◆ **ACTIVITY**
What you produce should be the lines from the line containing "Devolvió el Legislativo" through the last line below, both ends included, reproduced exactly and without pictures.

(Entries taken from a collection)

▶

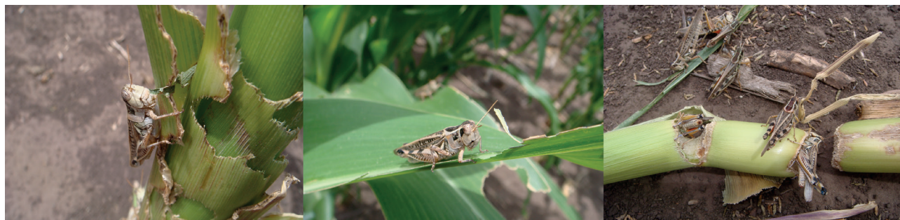
Figura 2. Individuos adultos de Dichroplus maculipennis en plantas de Maíz. Diciembre de 2009, Benito Juárez, provincia de Buenos Aires.

Además, estas investigaciones permiten tener una aproximación de las pérdidas económicas y de la disminución de la productividad de un pastizal (De Wysiecki y Sánchez., 1992; Onsager, 2000; Branson et al. , 2006).
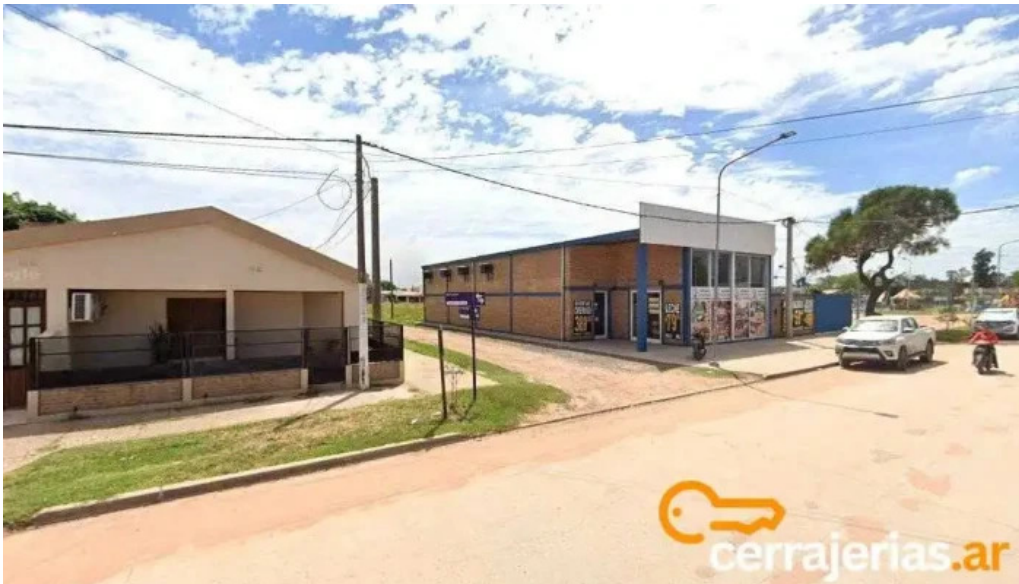
Maderistica charata charata
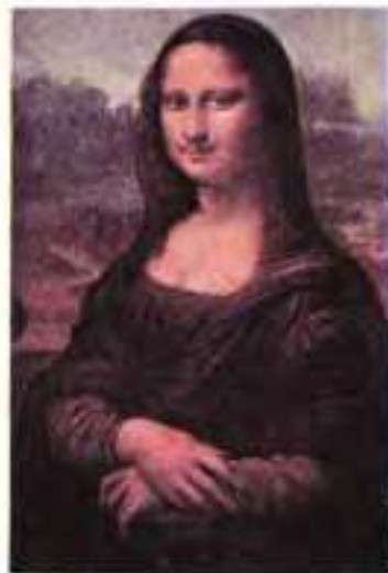
М. Дюшан. L.H.O.O.Q. 1919 р.

Початок ХХ ст. в Європі та Америці ознаменувався на всіх рівнях — у політичному житті, у соціально-побутовому укладі, у галузі науки і техніки — подіями, нововведеннями, відкриттями, які в сукупності провокували й чимдалі більше загострювали в суспільній та індивідуальній свідомості сучасників психологічні ефекти відчуження. Цілий ланцюг взаємопов'язаних явищ (від симптомів насування світової війни і аж до процесів, що відбувалися в галузі природничих наук та їх інтерпретації у філософії) сприяв утворенню певної суспільно-психологічної атмосфери, яка й позначилася на художній свідомості. Саме в цей час відбувається глибокий структурний переворот в естетичній свідомості та
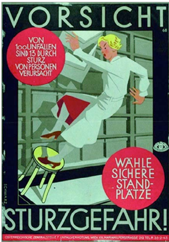
Vorsicht sturzgefahr!. [¡Atención, peligro de caída!]. Schwarz Viena, Austria. Entidad: Unfallverhütung.

El tema dominante de la colección se inscribe dentro de la preocupación de los países más industrializados por el cuidado de las lesiones laborales, la indemnización por incapacidad o defunción, y la prevención de riesgos labora-
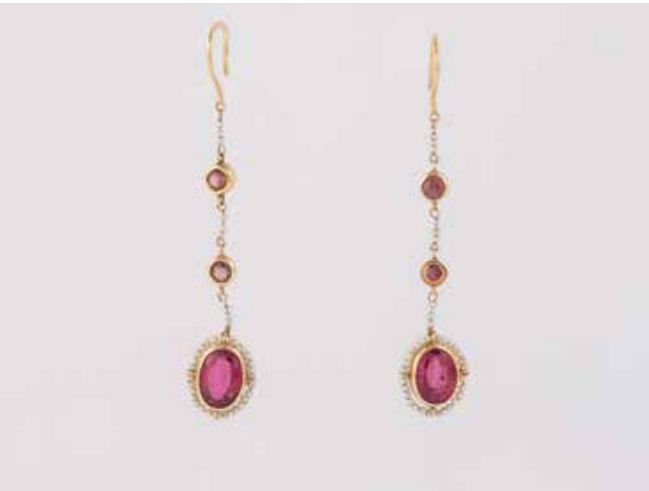
322 | PAAR OHRHÄNGER Gelbgold. L. 6,4 cm, Ges.-Gew. ca. 4,9 g. Geprüft 14 K. Jeweils ein oval facetierter Turmalin, zusammen ca. 3,5 ct. jeweils zwei rund facettierte Turmaline. Kleine Saatperlen. € 600,-
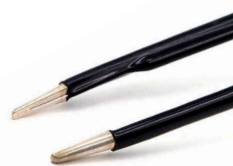
チップ幅 1.5mm イリゲーション
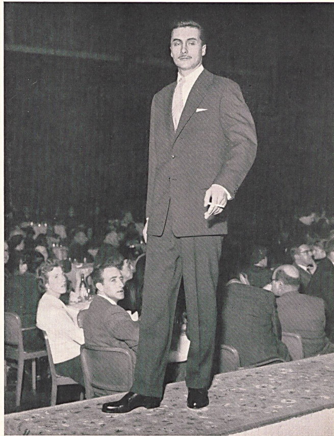
Complet peigné aubergine. Aubergine-coloured worsted suit. Terno de estambre color berengena. Kammgarnanzug Aubergine-farbig.
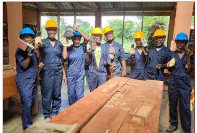
GirlsEmpowerment, stolze Handwerkerinnen.

Ganz herzlichen Dank an Koenig & Bauer für die tolle Unterstützung. Auch vielen Dank an die HiddenChampionsGroup, die einen Teil der Aus- stattung für die Mädchen gesponsert haben.
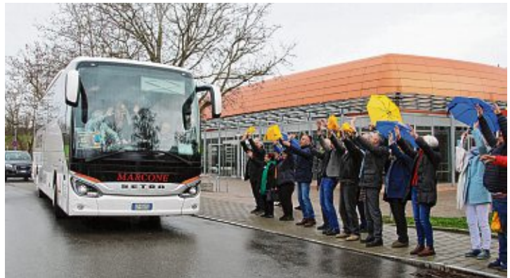
Mit einer »La Ola«-Welle wurden die Freunde auf die lange Fahrt zurück nach Moneglia geschickt. Der nächste Gegenbesuch lässt nicht lange auf sich warten: Bereits Ende April fahren Schüler der Klassen sieben und acht des Anne-Frank-Schulverbundes in die Partnerstadt an der »Riviera di Levant«.
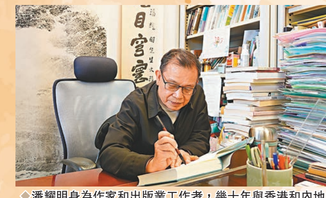
◆潘耀明身為作家和出版業工作者，幾十年與香港和內地文壇緊密聯結。
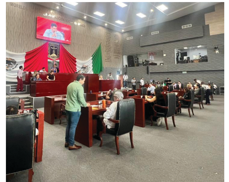
▲ Devolvió el Legislativo los dictámenes correspondientes para su publicación en el Periódico Oficial “Tierra y Libertad”.
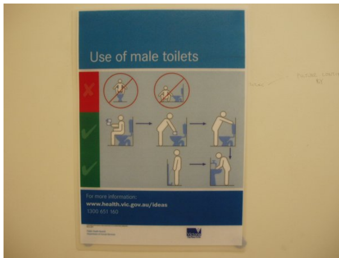
Fig. 3: 'Use of male toilets'

È stato ideato dal governo dello stato del Victoria, Australia. Dovrebbe insegnare l'uso corretto delle toilette maschili attraverso una stilizzazione grafica simile a quella della segnaletica stradale. Sotto il titolo, "Use of male toilets", sono rappresentati due modi sbagliati di utilizzare le toilette maschili. Su entrambi è sovrimposto il segnale stradale di divieto. Accanto campeggia una croce rossa. Ecco come interpreto i grafici: non si deve defecare accovacciati con i piedi sulla tazza del WC; non si deve defecare accovacciati per terra accanto al WC. Invece, come mostra l'algoritmo appena più in basso, bisogna defecare seduti sul WC, poi pulirsi con la carta igienica, poi gettare la carta igienica nel WC, poi tirare lo sciacquone, e infine lavarsi le mani. Bisogna lavarsi le mani anche dopo aver orinato.

◀

◆ **RESULT FOR THIS TASK**
▲ Devolvió el Legislativo los dictámenes correspondientes para su publicación en el Periódico Oficial “Tierra y Libertad”.
Fig. 3: 'Use of male toilets'

È stato ideato dal governo dello stato del Victoria, Australia. Dovrebbe insegnare l'uso corretto delle toilette maschili attraverso una stilizzazione grafica simile a quella della segnaletica stradale. Sotto il titolo, "Use of male toilets", sono rappresentati due modi sbagliati di utilizzare le toilette maschili. Su entrambi è sovrimposto il segnale stradale di divieto. Accanto campeggia una croce rossa. Ecco come interpreto i grafici: non si deve defecare accovacciati con i piedi sulla tazza del WC; non si deve defecare accovacciati per terra accanto al WC. Invece, come mostra l'algoritmo appena più in basso, bisogna defecare seduti sul WC, poi pulirsi con la carta igienica, poi gettare la carta igienica nel WC, poi tirare lo sciacquone, e infine lavarsi le mani. Bisogna lavarsi le mani anche dopo aver orinato.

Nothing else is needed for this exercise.